Highly concentrated drug particles, formulations, suspensions and uses thereof
Abstract
Highly concentrated drug particle formulations are described, wherein the drug comprises between about 25 wt % and 80 wt % of the particle formulation. The particle formulations of the present invention comprise, for example, macromolecules, such as proteins and/or small molecules (such as steroid hormones). The particle formulation typically further includes one or more additional component, for example, one or more stabilizer (e.g., carbohydrates, antioxidants, amino acids, and buffers). Such concentrated particle formulations can be combined with a suspension vehicle to form suspension formulations. The suspension formulation comprises (i) a non-aqueous, single-phase vehicle, comprising one or more polymer and one or more one solvent, wherein the vehicle exhibits viscous fluid characteristics, and (ii) a highly concentrated drug particle formulation. Devices for delivering the suspension formulations and methods of use are also described. The present invention provides needed improvements in drug formulation and delivery to improve patient compliance and expand drug availability.
Claims
exact text as granted — not AI-modified1 . An osmotic delivery device comprising:
an impermeable reservoir comprising an interior wall that defines a lumen the reservoir having a first end and a second end; a semipermeable membrane at the first end of the reservoir; a piston within the lumen of the reservoir; a diffusion moderator at the second end of the reservoir, wherein a first chamber within the reservoir is defined by a first surface the semipermeable membrane and a first surface of the piston, and a second chamber within the reservoir is defined by a second surface of the piston and a first surface of the diffusion moderator; an osmotic agent within the first chamber of the reservoir; and a suspension formulation within the second chamber of the reservoir, the suspension formulation comprising
a particle formulation comprising about 25 wt % to about 80 wt % drug, wherein the drug is a protein, and about 75 wt % to about 20 wt % of additional components, wherein the additional components comprise an antioxidant, a carbohydrate, and a buffer, and a drug:antioxidant:carbohydrate:buffer ratio is between about 2-20:1-5:1-5:1-10, respectively; and
a non-aqueous, single-phase suspension vehicle comprising a polymer and a solvent, wherein the suspension vehicle has a viscosity at 33° C. of between about 8,000 to about 25,000 poise, and the particle formulation is homogeneously dispersed in the vehicle. about 5:1.
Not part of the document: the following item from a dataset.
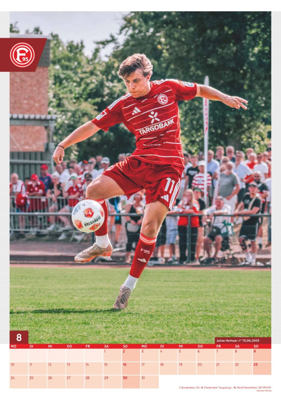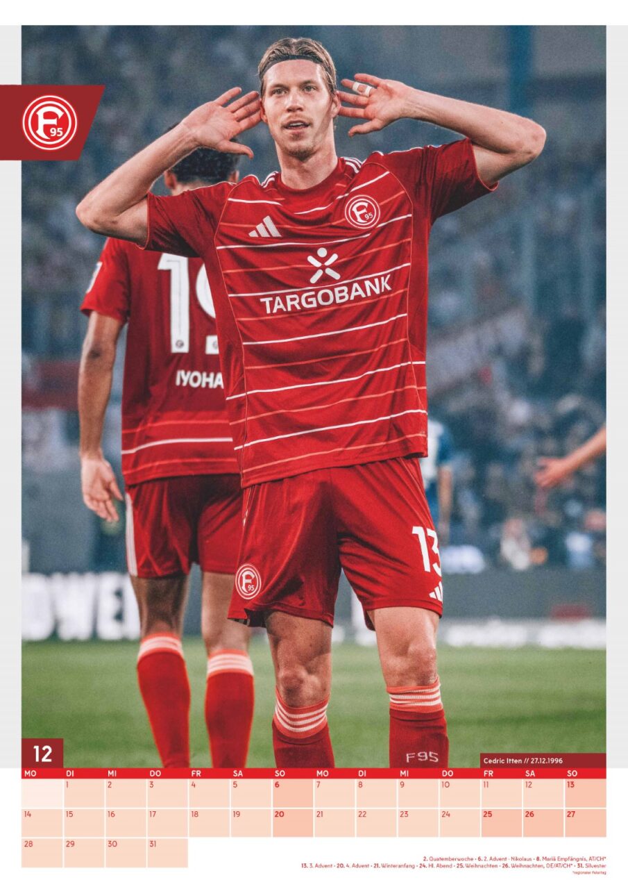 Für die Fans von Fortuna Düsseldorf gibt es auch in diesem Jahr den Wandkalender mit faszinierenden Fotografien von den spannendsten und erfolgreichsten Szenen der rot-weißen Fußballhelden. Der Kalender ist ein Muss für alle Fans der Düsseldorfer Fortuna! Jeden Monat lässt Sie eine neue Fotografie der Fußballstars deren spektakulärste Momente erneut erleben. Machen Sie Ihre Wand zur rot-weißen Wand – versetzen Sie sich in das Gefühl des Jubels und des Siegens im Stadion und staunen Sie jeden Monat neu über die hervorragenden Leistungen Ihrer Lieblingsspieler!

2 . The osmotic delivery device of claim 1 , wherein the drug comprises about 40 wt % to about 75 wt % and the additional components comprise about 60 wt % to about 25 wt %.
3 . (canceled)
4 . The osmotic delivery device of claim 1 , wherein the antioxidant is selected from the group consisting of cysteine, methionine, and tryptophan.
5 . The osmotic delivery device of claim 4 , wherein the antioxidant is methionine.
6 . The osmotic delivery device of claim 1 , wherein the buffer is selected from the group consisting of citrate, histidine, succinate, and mixtures thereof.
7 . The osmotic delivery device of claim 6 , wherein the buffer is a citrate.
8 . The osmotic delivery device of claim 1 , wherein the carbohydrate is a disaccharide.
9 . The osmotic delivery device of claim 8 , wherein the disaccharide is selected from the group consisting of lactose, sucrose, trehalose, cellobiose, and mixtures thereof.
10 . The osmotic delivery device of claim 9 , wherein the dissacharide is sucrose.
11 . The osmotic delivery device of claim 1 , wherein the ratio of drug:antioxidant:carbohydrate:buffer is between about 5-10:1-2.5:1-2.5:1-5, respectively.
12 . The osmotic delivery device of claim 1 , wherein the particle formulation is a spray dried preparation of particles.
13 . (canceled)
14 . The osmotic delivery device of claim 1 , wherein the protein is an interferon.
15 . The osmotic delivery device of claim 1 , wherein the protein is an incretin mimetic.
16 . The osmotic delivery device of claim 15 , wherein the incretin mimetic is a glucagon-like peptide-1 (GLP-1), a derivative of GLP-1, or an analogue of GLP-1.
17 . The osmotic delivery device of claim 16 , wherein the incretin mimetic is GLP-1(7-36)amide.
18 . The osmotic delivery device of claim 15 , wherein the incretin mimetic is exenatide, a derivative of exenatide, or an analogue of exenatide.
19 . The osmotic delivery device of claim 15 , wherein the incretin mimetic is exenatide.
20 . The osmotic delivery device of claim 1 , wherein the protein is selected from the group consisting of exenatide, PYY, GLP-1(7-36)amide, oxyntomodulin, GIP and leptin.
21 . The osmotic delivery device of claim 1 , wherein the protein is selected from the group consisting of recombinant antibodies, antibody fragments, humanized antibodies, single chain antibodies, monoclonal antibodies, and avimers.
22 . The osmotic delivery device of claim 1 , wherein the protein is selected from the group consisting of human growth hormone, epidermal growth factor, fibroblast growth factor, platelet-derived growth factor, transforming growth factor, and nerve growth factor.
23 . The osmotic delivery device of claim 1 , wherein the protein is a cytokine.
24 . The osmotic delivery device of claim 1 , wherein particles of the particle formulation are particles of between about 2 microns to about 10 microns.
25 . (canceled)
26 . The osmotic delivery device of claim 1 , wherein the polymer is a polymer comprising pyrrolidones.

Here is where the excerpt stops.